Sebastian shook his head. He was almost tearful. ‘Sometimes Carrie wants to, but Mummy never lets her. Would you punish me?'

Gladly, Billings would have thought twenty minutes earlier, but there was something so touching in Sebastian's odd confession that it wasn't merely the proximity of Mrs Diamond and Terry the Runt which dissolved any temptation to spank the bejesus out of the boy. ‘Let's go back now,' he said, and stood up. The boy took his hand and they retraced their steps to the south end of the house, where the party had descended to the rose garden and where they found Holly talking intently with Terry the Runt. She motioned furiously at Billings, and he dropped Sebastian's hand and hurried over.

‘Your dog's gone missing,' she said.

‘Sam? How'd he get out?'

She turned to Terry the Runt, who was smirking. ‘Tell him what happened,' she said sharply.

‘I just let him out for a quick sniff of air,' he protested. ‘The next thing I knew he'd scarpered.'

Billings stared at the small scratch on the end of Terry's nose. He knew the man was trained to kill with his bare hands; he knew the man was armed to the teeth. But he also knew that if Terry had hurt Sam, he would figure out some way – somewhere, somehow – to hurt him back. ‘Which way did he go?' he asked between clenched teeth.

‘That way,' said Terry, pointing behind the house towards a copse of oaks.

Sebastian was tugging at Billings's trouser leg. ‘Don't worry,' the little boy said. ‘You'll find him.'

Twenty minutes later Billings emerged from the woods at the west side of Chequers both breathless and Sam-less. To his great embarrassment Holly had enlisted the other guests in the search.
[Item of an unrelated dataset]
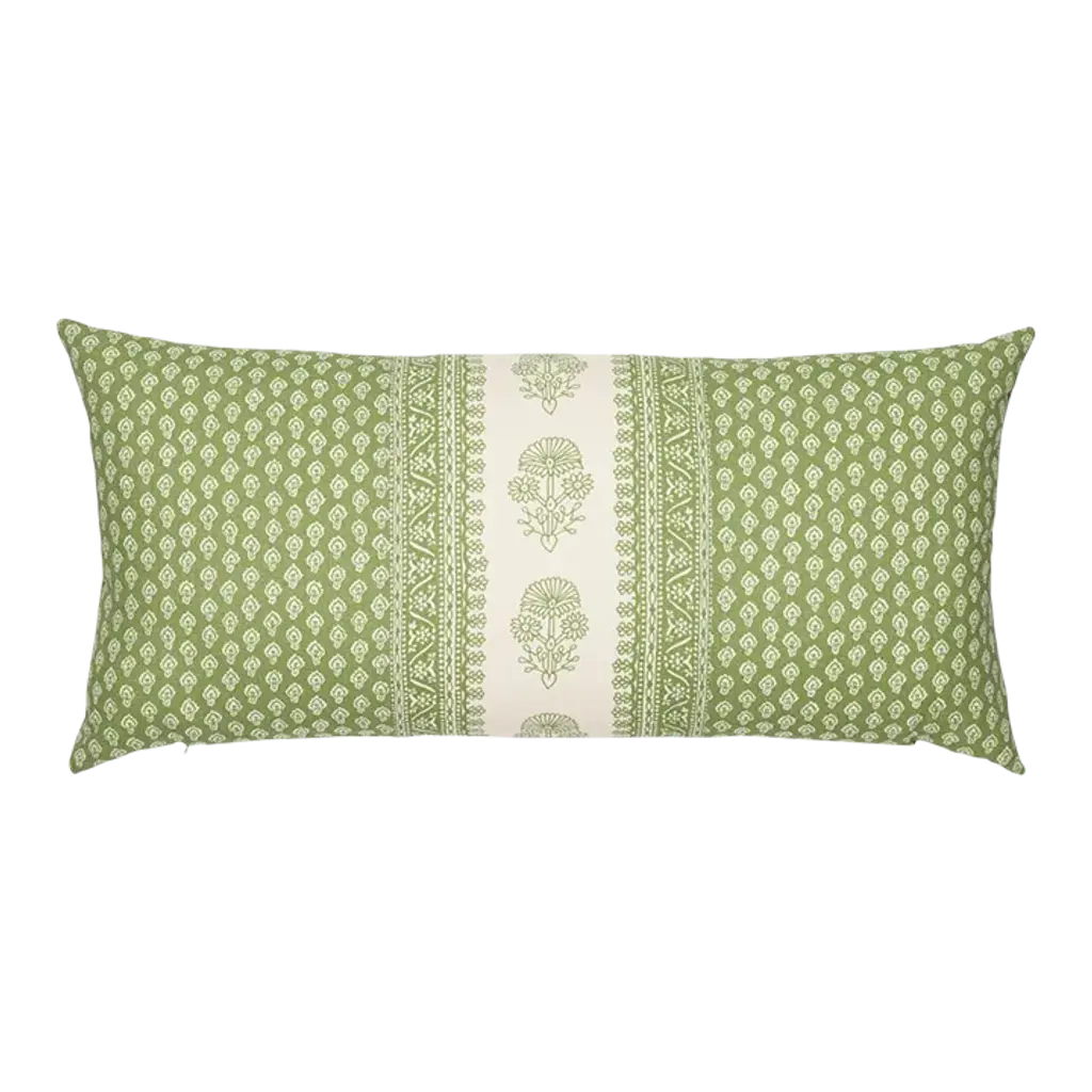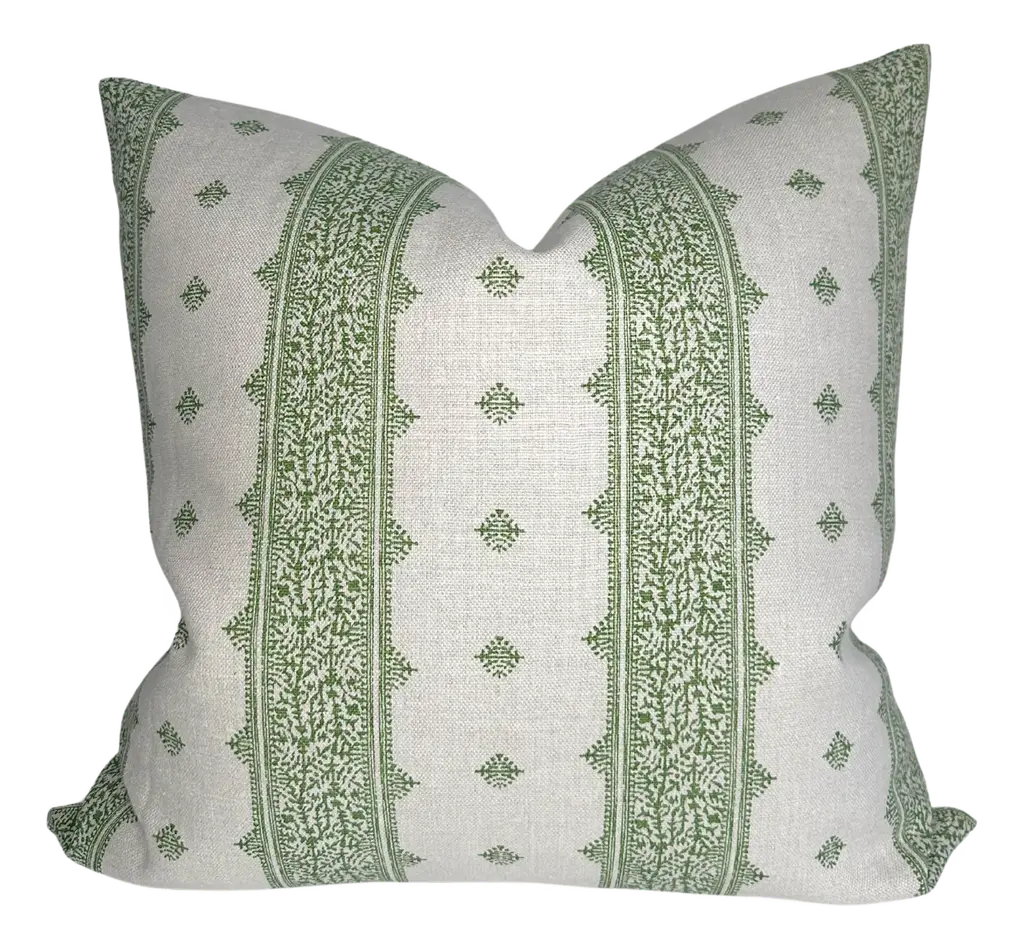 This pillow features Hyacinth Indoor/Outdoor by Mark D. Sikes for Schumacher with a knife edge finish. Inspired by traditional Indian block prints, Hyacinth Indoor/Outdoor in leaf green by Mark D. Sikes is a stylish high-performance fabric that can stand up to the elements. Pillow includes a polyfill insert and hidden zipper closure.If out of stock, lead-time is 15-20 business days approximately.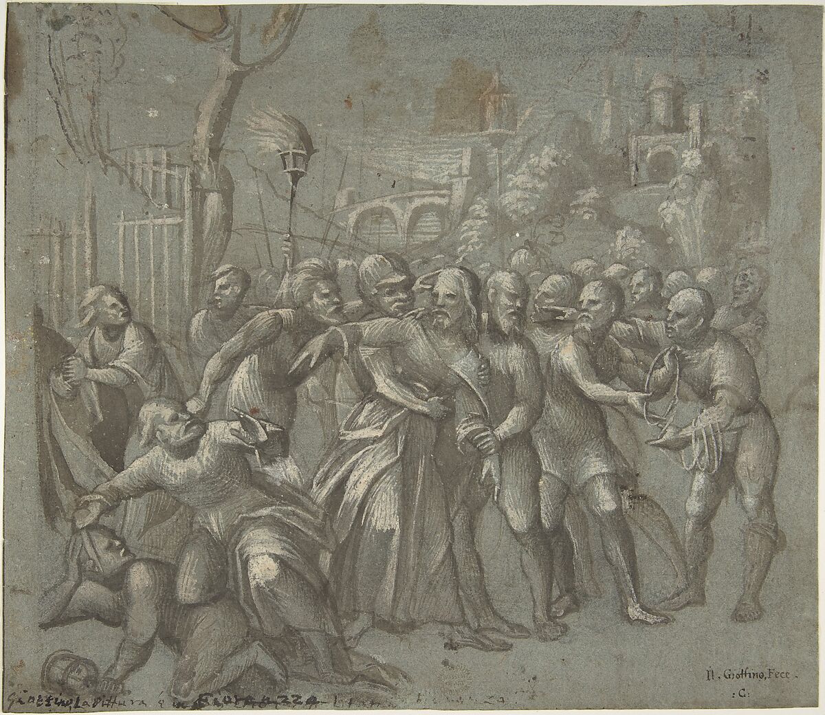 Niccolò Giolfino, a leading artist in the north Italian city of Verona in the 1540s, drew this scene in preparation for his oil painting "The Arrest of Christ" completed in 1546 for the Avanzi Chapel in the church of San Bernardino, Verona. The tumultuous scene depicts the moment following Judas's betrayal with a kiss that identified Christ to the Roman soldiers. Now, barely able to reach his forehead, the bearded Judas is pushed aside by the helmeted soldier who moves Christ toward the waiting rope. As if oblivious to his own capture, Christ turns his attention to Saint Peter, who has struck off the ear of the high priest's slave Malchus. Succinct strokes of white gouache forming Christ's downturned mouth convey his disappointment at Peter's anger. Here and in the other foreground figures, fine lines made with the point of the brush clearly and carefully describe the forms; in the background, by contrast, the landscape is more loosely defined in broad, rapid strokes.

The
Professore
walked carefully through a stand of trees, minding his shoes, accompanied by Sally Kimmo, each of them calling out ‘Sam' in European tones at regular intervals. At the southern boundary, the American ambassador could just be spied waving his arms and calling the dog's name. And the Prime Minister himself moved energetically about, shouting Sam's name, followed by Sebastian and Terry the Runt.

After a few more minutes' search everyone convened on the edge of the rose garden. Billings felt a strong mix of anxiety and embarrassment. ‘Please don't worry,' he announced. ‘I'll keep looking; I'm sure he'll come back soon.'

‘Has he done it before?' asked Adele Eloise.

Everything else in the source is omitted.